Record set:
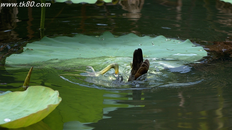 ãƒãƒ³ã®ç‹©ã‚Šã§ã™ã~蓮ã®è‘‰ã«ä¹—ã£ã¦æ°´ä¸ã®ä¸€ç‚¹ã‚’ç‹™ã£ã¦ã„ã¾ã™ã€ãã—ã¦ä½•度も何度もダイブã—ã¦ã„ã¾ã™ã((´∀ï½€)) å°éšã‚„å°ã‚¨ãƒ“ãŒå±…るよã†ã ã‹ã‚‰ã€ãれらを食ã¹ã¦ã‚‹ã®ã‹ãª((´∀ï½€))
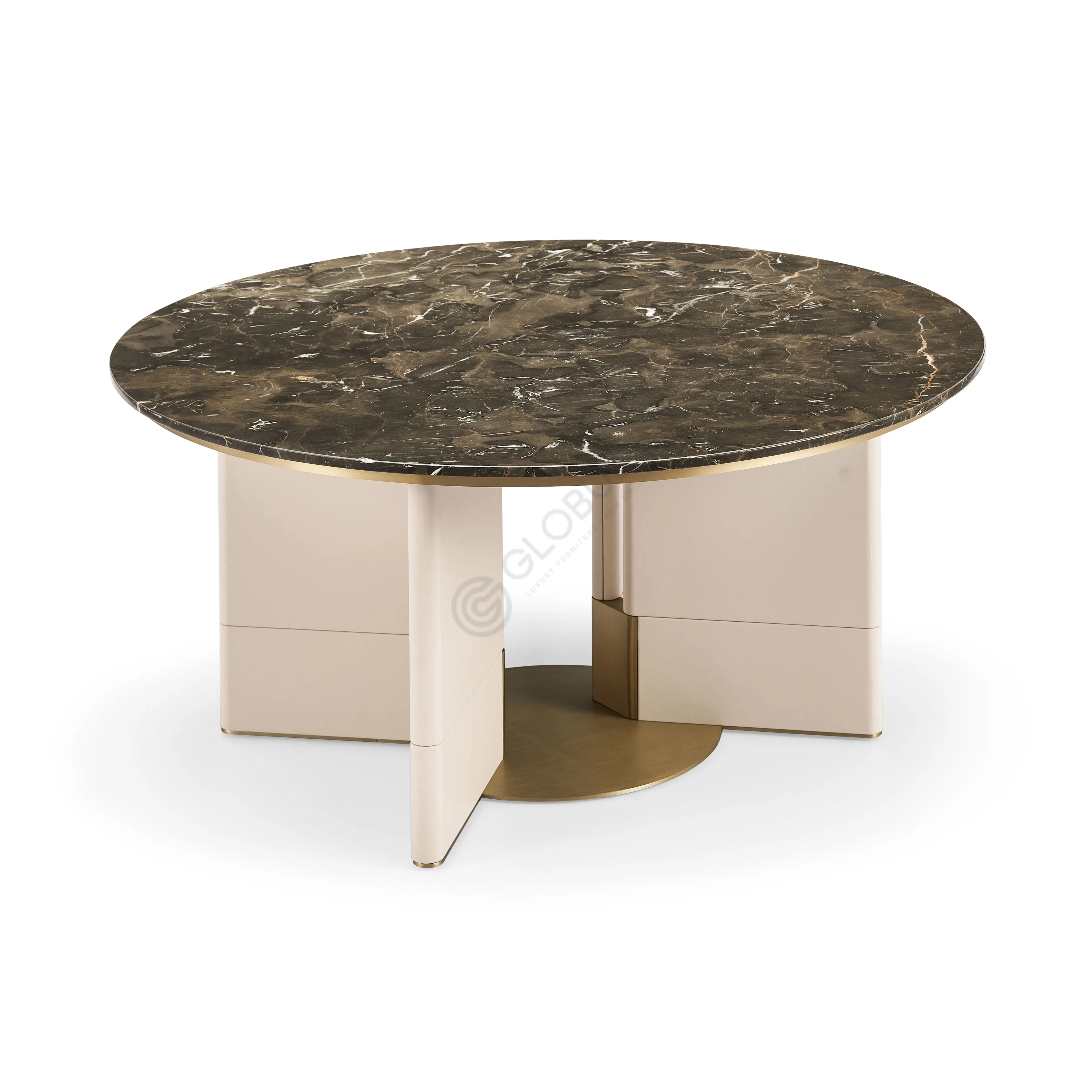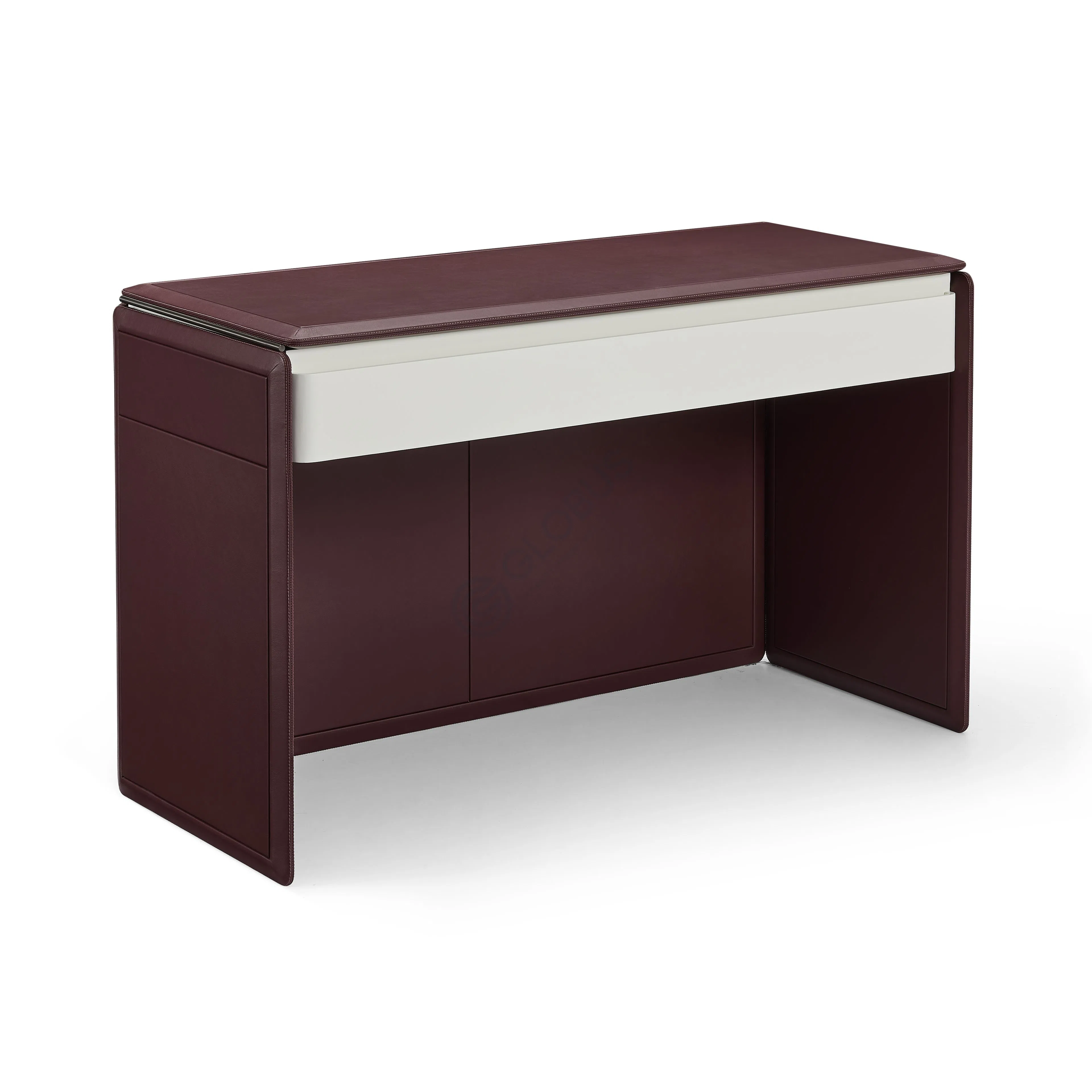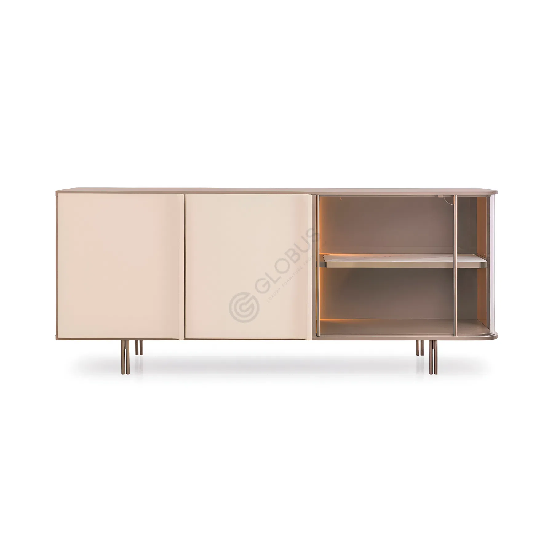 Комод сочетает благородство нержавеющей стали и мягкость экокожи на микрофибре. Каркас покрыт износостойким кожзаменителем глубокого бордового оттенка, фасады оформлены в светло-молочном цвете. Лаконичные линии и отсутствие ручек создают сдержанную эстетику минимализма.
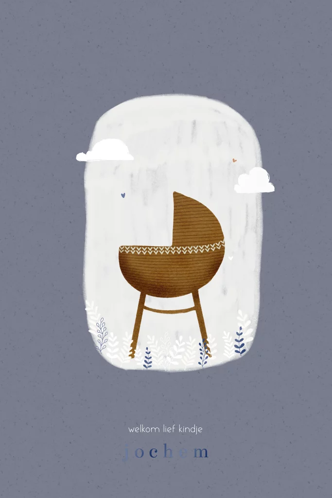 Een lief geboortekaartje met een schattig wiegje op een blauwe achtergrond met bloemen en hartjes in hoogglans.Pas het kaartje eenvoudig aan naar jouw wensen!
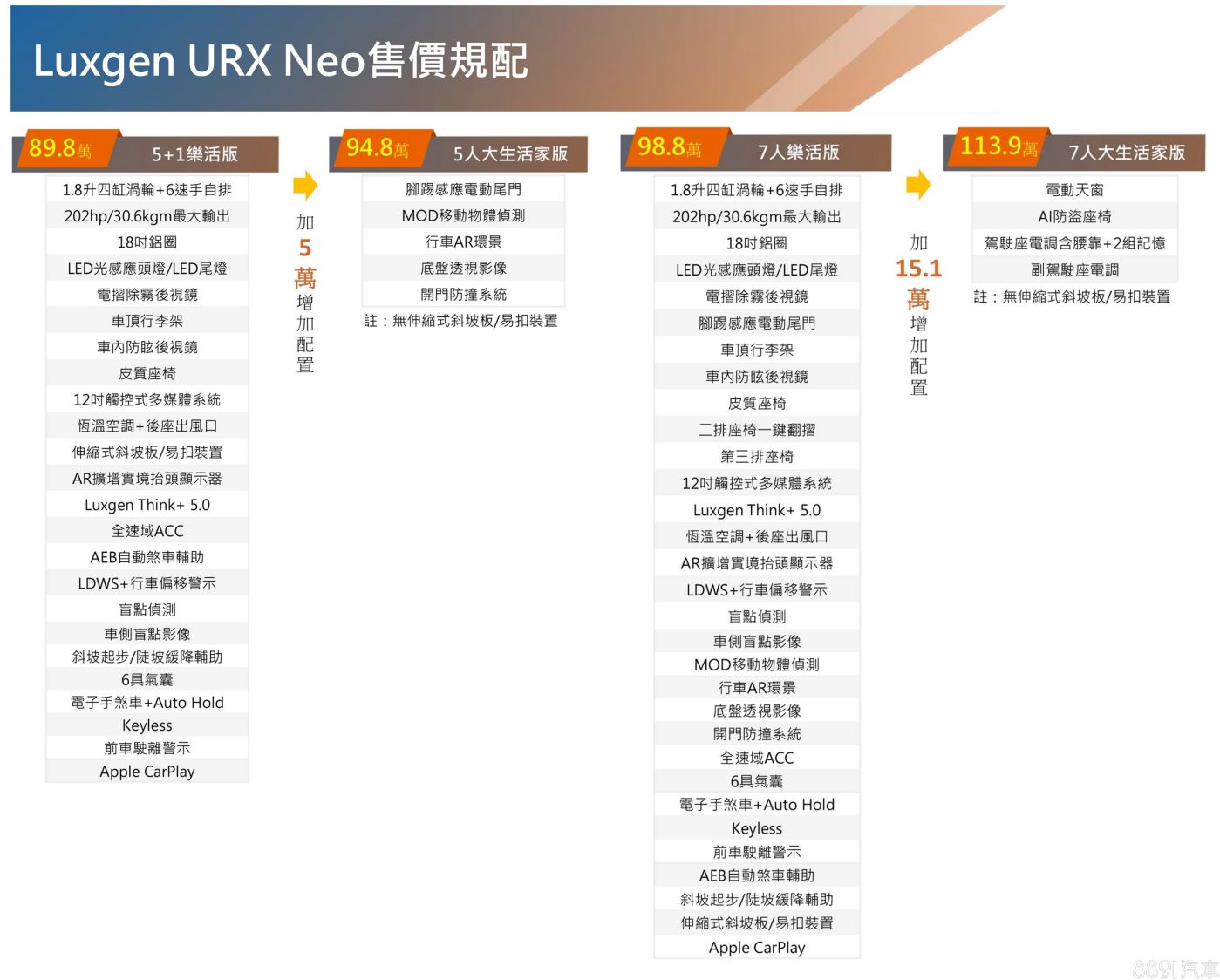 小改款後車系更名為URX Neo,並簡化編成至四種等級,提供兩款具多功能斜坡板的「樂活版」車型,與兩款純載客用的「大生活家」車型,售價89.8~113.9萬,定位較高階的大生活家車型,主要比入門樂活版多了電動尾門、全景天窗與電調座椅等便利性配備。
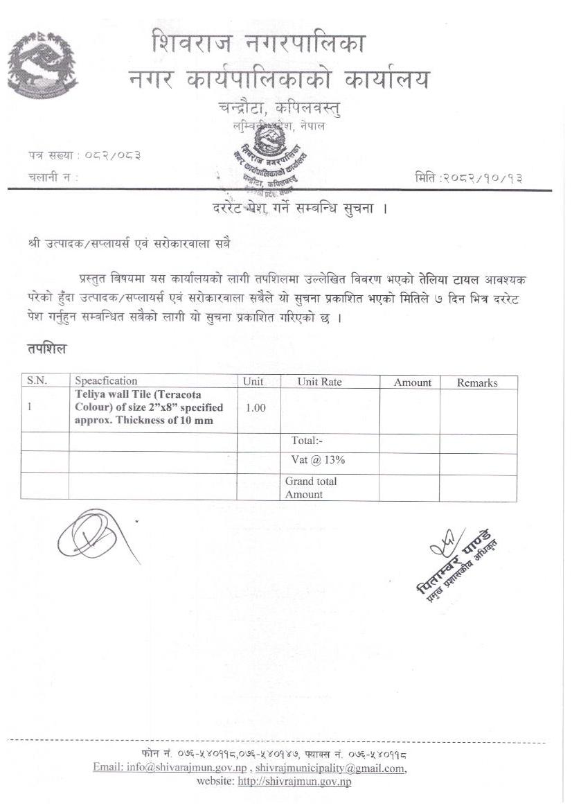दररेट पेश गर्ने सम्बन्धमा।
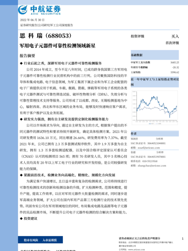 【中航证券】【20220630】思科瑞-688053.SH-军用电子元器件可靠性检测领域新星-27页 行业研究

Exercise prompt: What you write must match, line for line, the records from the line containing "दररेट पेश गर्ने सम्बन्धमा।" through the last line, with every picture left out.

Answer below:
दररेट पेश गर्ने सम्बन्धमा।
 【中航证券】【20220630】思科瑞-688053.SH-军用电子元器件可靠性检测领域新星-27页 行业研究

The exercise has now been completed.